NeurIPS 2020
### Generative causal explanations of black-box classifiers

### Meta Review

This paper presents a generative model to "explain" any given black-box classifier and its training dataset. Explanation is through a hidden factor that can control or intervene in the output of the classifier. The discovery is based on a objective with two terms: 1) a proposed Information Flow that denotes the causal effect from the hidden factor to the classifier output and 2) a distribution similarity to impose the discovered hidden factor can generate back the feature space.
Reviewers found this a borderline paper. After the discussion phase all reviewers are leaning towards acceptance. They pointed out as strengths that this is a very well-written paper, presenting a simple yet effective method, with extensive ablative experiments.
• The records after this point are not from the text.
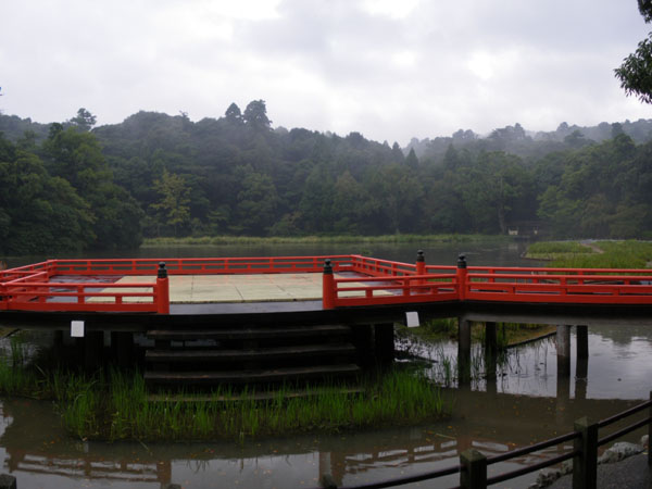 ![]() 火除橋と奥に第1鳥居 勾玉池(まがたまいけ) 第2鳥居
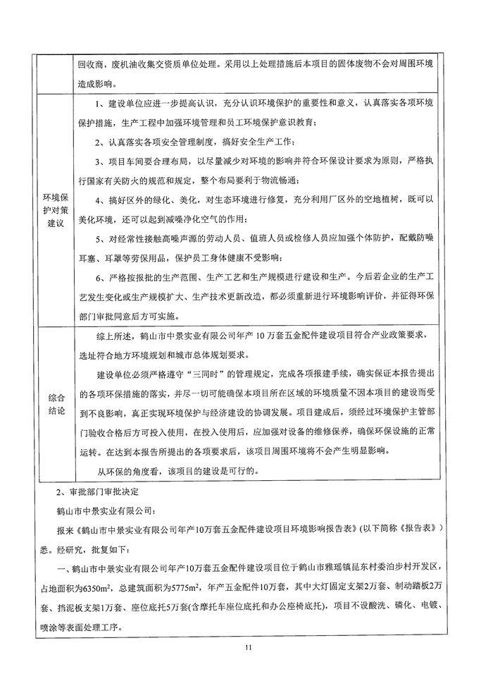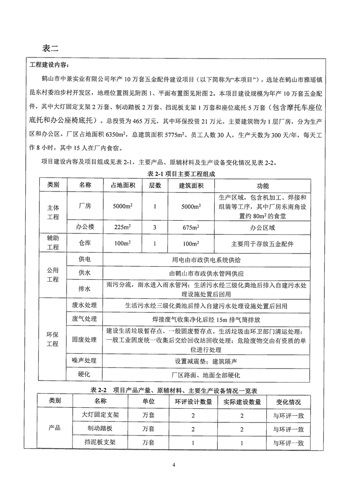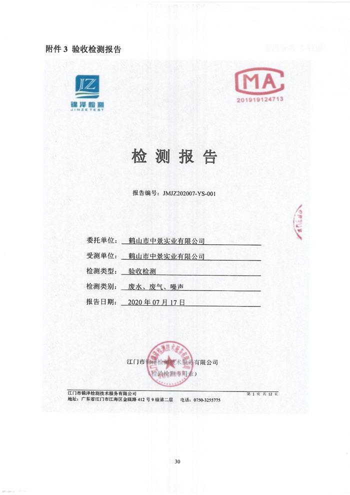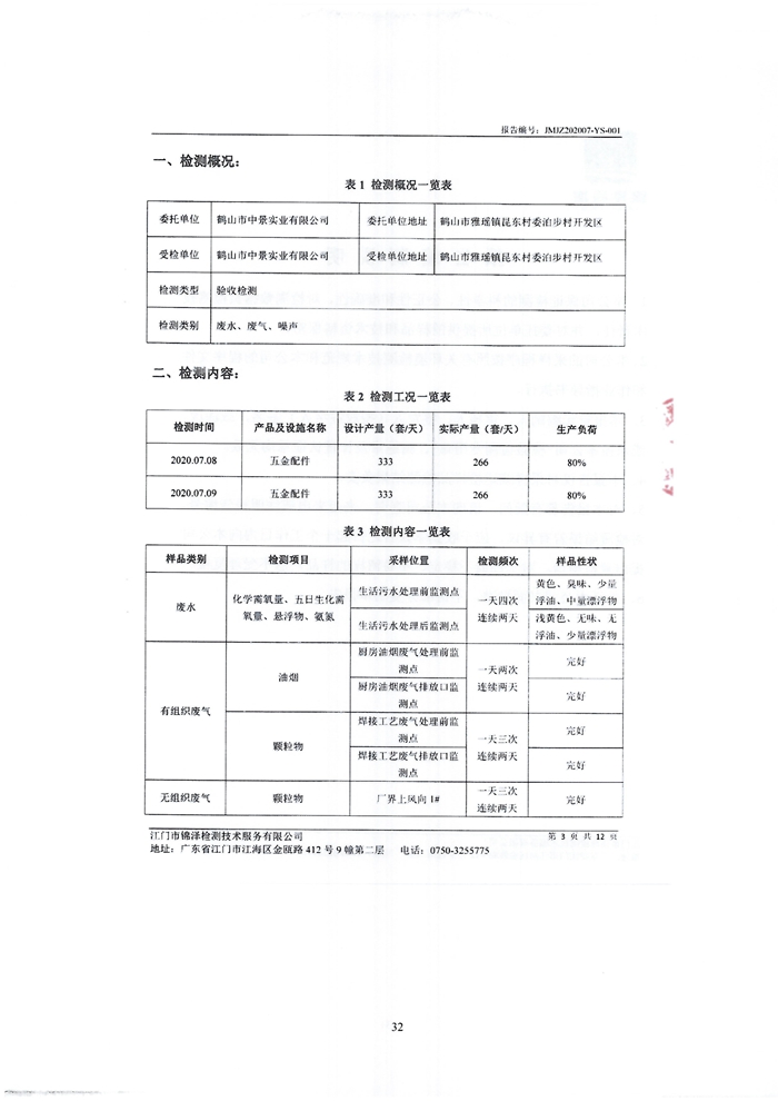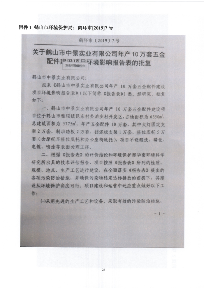 鹤山市中景实业有限公司年产10万套五金配件建设项目验收监测报告表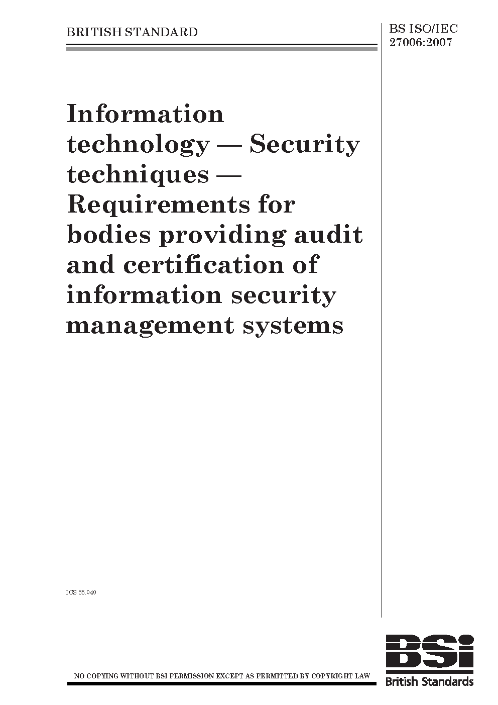 BS ISO/IEC 27006:2011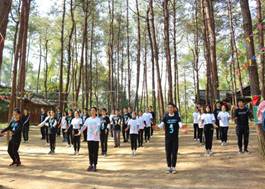 图为美美哒的工间操现场 图为员工素质拓展活动现场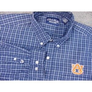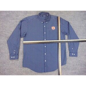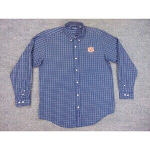 Auburn Tigers Shirt Mens Large Blue White Plaid Button Up Long Sleeve
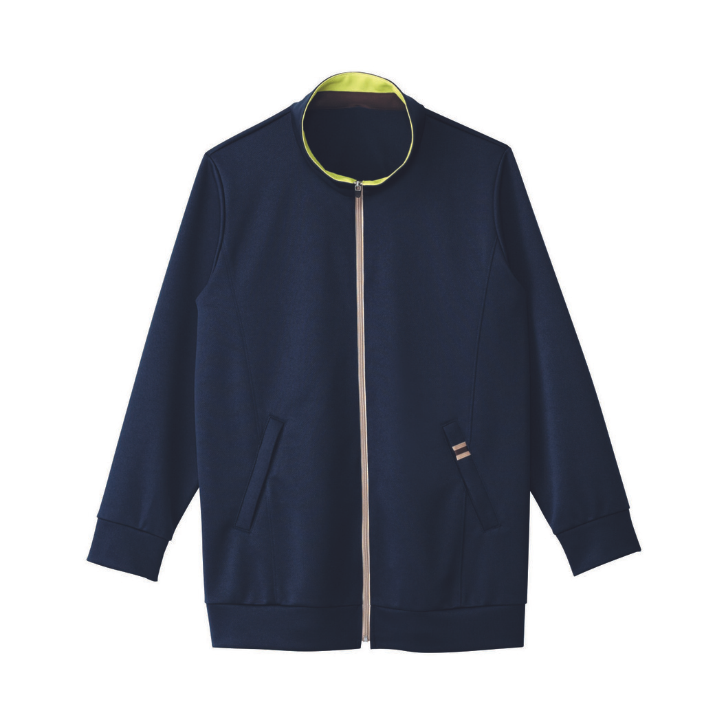 ふわりと軽く、動いても重ね着しても涼しい、オールマイティーに対応するニットジャケットです。 顔まわりを明るくみせるナチュラルカラーリングで、軽量&しなやかストレッチでエアリーな着心地です。 男女共用で男性にも女性にも合うWマスターパターン使用。 チークのように顔を明るくみせるカラー+引き締めカラーで大人っぽい印象のハイネック衿は、衿が高めなのに顔に衿端がふれにくい仕様です。 ロック式ファスナーで引き手がブラブラしない、エアスルーポロのロングでも裾から出ない、どんなコーディネートにもオールマイティーに対応できる着丈です。 水仕事にもうれしい長すぎず、ピタッととまりやすい袖です。 大容量ポケットで、物が落ちにくい重ね玉縁ポケットは、配色テープがさりげないポイントです。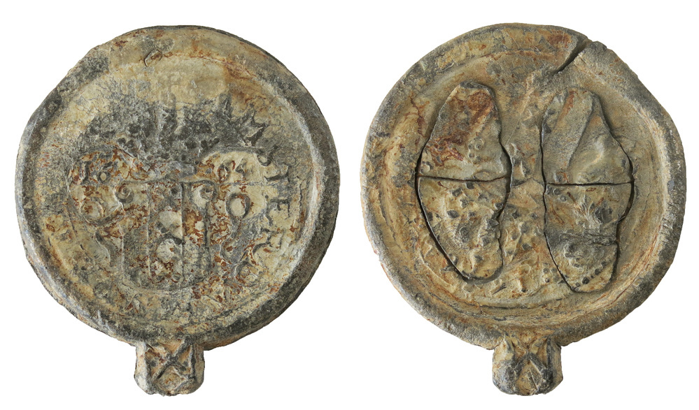 opdruk keerzijde: 1664: stadswapen gehouden door leeuwen en jaartal

However, they also pointed out several weaknesses, including a somewhat overstated storyline, which frames the method into causal inference when this does not seem to be really needed (as R1 points out and R2 agrees, their setup “renders almost all techniques of causal inference such as do-operation and counterfactuals trivial”). The author response alleviated some concerns (in particular from R1 and R4), but the feeling that causality is not really needed here still remains. The authors need to make it clearer why mutual information is a good metric for causal influence (as pointed out by R1 and R2), since MI measures a type of correlation. R3 also points out that “the theoretical results, propositions 2 and maybe also 3, are almost immediate observations rather than "surprising" results.“ It's not clear how the method would scale to problems where the classifier is complex and derives its output from many causally relevant factors. A discussion about this should be added (see R3’s comments).
Overall, this paper could be accepted but it is not outstanding and it needs considerable revision (doable in camera ready time) to incorporate the necessary improvements. I lean towards accepting but urge the authors to follow the reviewers’ suggestions to improve the paper. In particular, I second R1’s suggestion to update the storyline and compare and discuss the related work in disentanglement, which seems to be more linked to the main contribution of this paper.